This story explored why Australia is not perceived to be in the same league as the United States in the new economy stakes – notwithstanding our credible economic performance and growth record, and the gloss coming off high tech investments in the USA over recent months.

David Forman's message was that the measure of a new economy is not just how many dotcom companies are being created. It is about the degree to which the new possibilities being opened up by IT and internet businesses are being adopted in the wider business community.

Forman quoted an anecdote recounted by Scott McNealy, Chairman and CEO of Sun Microsystems about the dynamism and productive new businesses spawned by his swapping of business ideas and insights with Jack Welsh, Chairman and Chief Executive of General Electric, whose corporate leadership is legendary.

McNealy, who is on the Board of GE, advised Welsh to wire all its light bulbs to GE light bulb factories through the internet. That way, McNealy said, the lights in remote buildings could tell the factory when they were about to blow, a light could be produced to replace them and be dispatched, along with a map to the location of the faulty product and an invoice. In one move, GE would have gone from a light products manufacturer to a lighting services company, and made it extremely difficult for rivals to steal its clients.

This is a classic case of knowledge diffusion, of person to person networking that crosses industrial sectors. It's the new knowledge economy at work.

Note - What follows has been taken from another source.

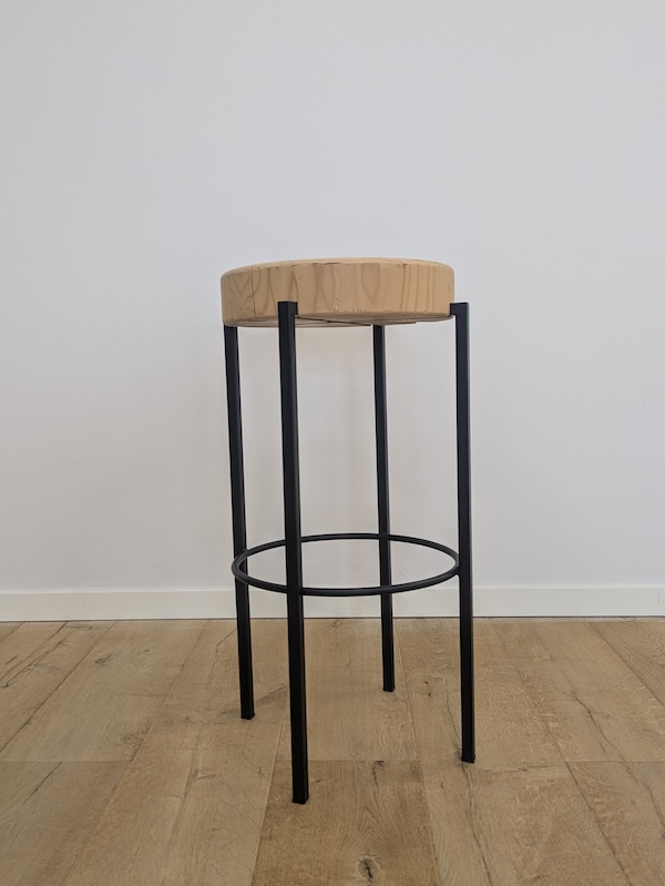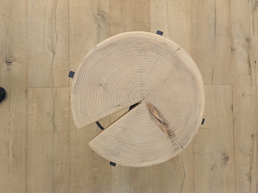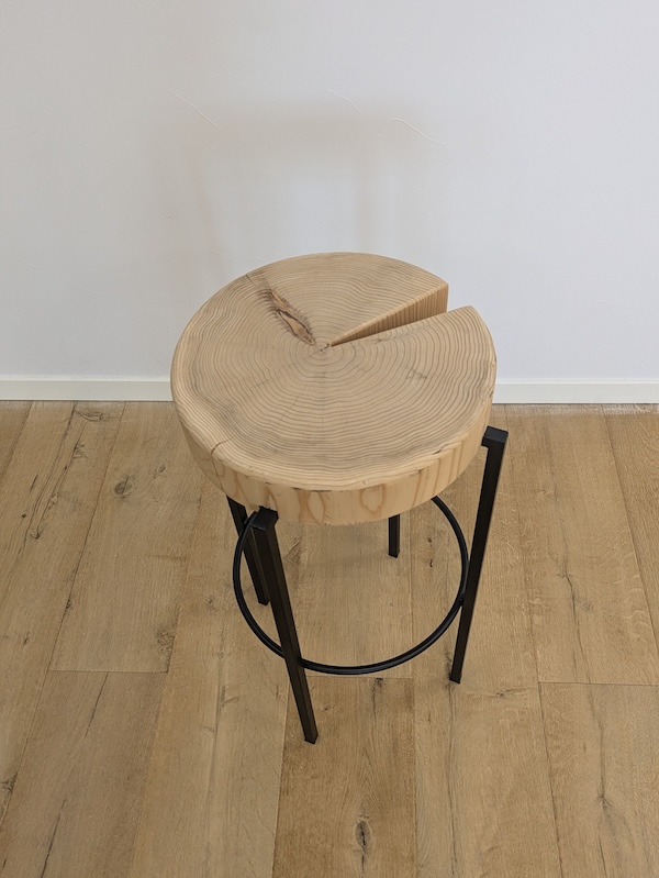 杉の丸太を輪切りにして椅子にしてみました。スチール製の脚で全体の剛性を持たせています。木は芯に近いほど狂いやすく水分が抜けてゆく過程で背割れしてしまいます。その背割れ防止のため座面に入れた切り込みが絶妙なチャームポイントとなっています。
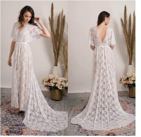 Bohemian Wedding Dresses for Lace Bridal Gowns with Train A Line Backless Beach Wedding Dresses

It shows us that companies right across the economy must take advantage of fresh opportunities and new thinking and convert these to an international competitive advantage.

But, Australia has a major obstacle in doing this. We don't have the critical mass of people, ideas and money on our doorstep. We are out of the loop. There are no Scott McNealys in our neighbourhood with whom we can brainstorm and incubate new imaginative business endeavours that can be bankrolled and test marketed in short order.

So, here's where David Forman abandons conventional wisdom by suggesting that Australia should actually encourage our brain drain to places like Silicon Valley. He argues that the value of Silicon Valley lies less in its inventive information industries and products and more because it operates as a hothouse of the best start up companies and the entrepreneurs and financiers who create and sustain them.

Exporting Aussies into this environment would allow its entrepreneurial culture to rub off on them. Exposure to new ideas and opportunities; learning how to develop start-ups and to commercialise blue sky ideas; experimenting; meeting and networking with others. And potentially bringing all this back home and spreading the know-how and the contacts.

It's an engaging idea. In the new economy, maybe by exporting people temporarily, the brain drain can become the brain gain.